§ **PROBLEM REQUIREMENTS**
Within the listing that follows, reproduce exactly the lines starting at the line with "[연합뉴스TV] 경력 및 신입사원 모집" and ending at the line with "Short wool canvas", inclusive, and only those. Pictures are dropped.

§ **PROVIDED DATA**
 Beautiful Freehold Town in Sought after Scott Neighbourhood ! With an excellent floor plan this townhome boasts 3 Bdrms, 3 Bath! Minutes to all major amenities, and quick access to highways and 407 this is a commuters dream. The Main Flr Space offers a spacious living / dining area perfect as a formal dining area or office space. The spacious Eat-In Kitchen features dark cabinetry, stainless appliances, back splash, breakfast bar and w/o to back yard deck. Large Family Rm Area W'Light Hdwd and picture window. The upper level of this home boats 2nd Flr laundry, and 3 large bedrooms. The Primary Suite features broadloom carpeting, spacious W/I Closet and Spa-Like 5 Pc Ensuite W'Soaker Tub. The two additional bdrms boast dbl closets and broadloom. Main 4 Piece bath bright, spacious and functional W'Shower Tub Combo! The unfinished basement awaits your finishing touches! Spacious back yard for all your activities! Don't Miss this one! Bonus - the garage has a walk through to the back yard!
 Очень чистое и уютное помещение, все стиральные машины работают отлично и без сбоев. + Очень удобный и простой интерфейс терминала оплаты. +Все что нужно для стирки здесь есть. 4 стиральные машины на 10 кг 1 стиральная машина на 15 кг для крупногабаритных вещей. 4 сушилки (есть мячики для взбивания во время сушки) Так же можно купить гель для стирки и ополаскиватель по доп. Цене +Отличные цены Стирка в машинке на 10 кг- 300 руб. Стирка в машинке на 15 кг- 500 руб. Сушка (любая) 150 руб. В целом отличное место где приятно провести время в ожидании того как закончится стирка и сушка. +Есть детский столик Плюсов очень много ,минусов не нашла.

--

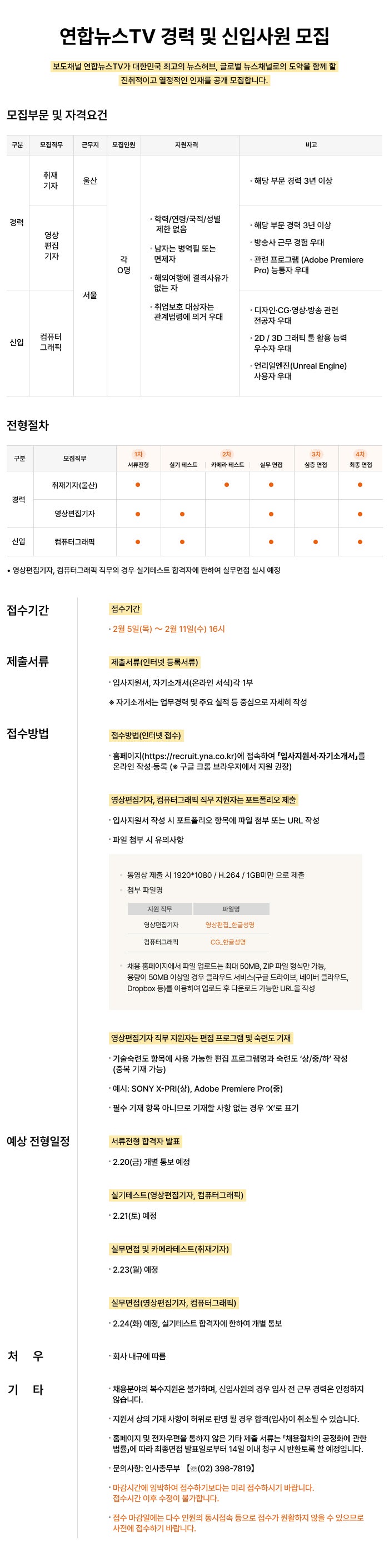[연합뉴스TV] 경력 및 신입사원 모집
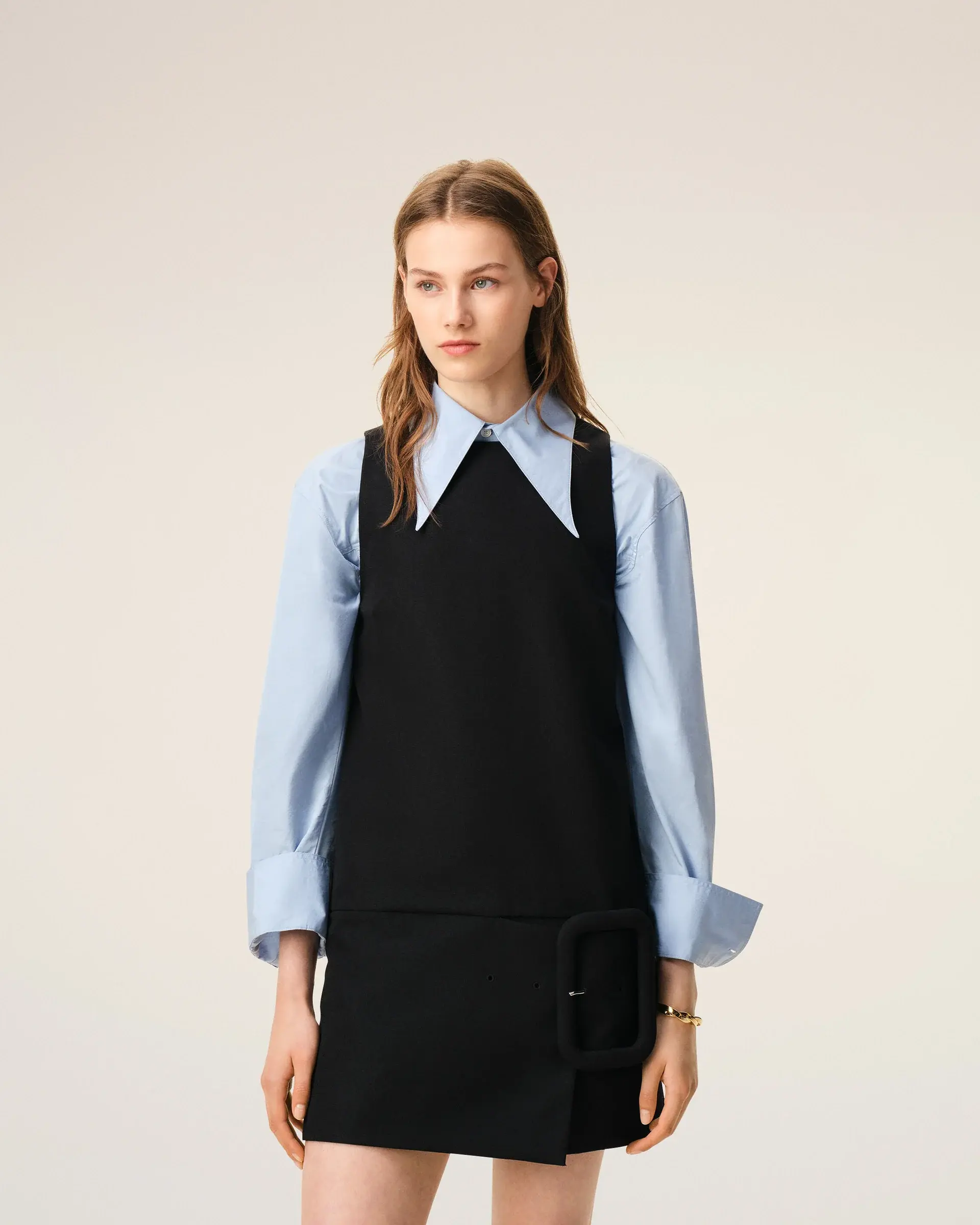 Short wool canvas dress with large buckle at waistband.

§ **OUTPUT OF THE EXERCISE**
[연합뉴스TV] 경력 및 신입사원 모집
 Short wool canvas dress with large buckle at waistband.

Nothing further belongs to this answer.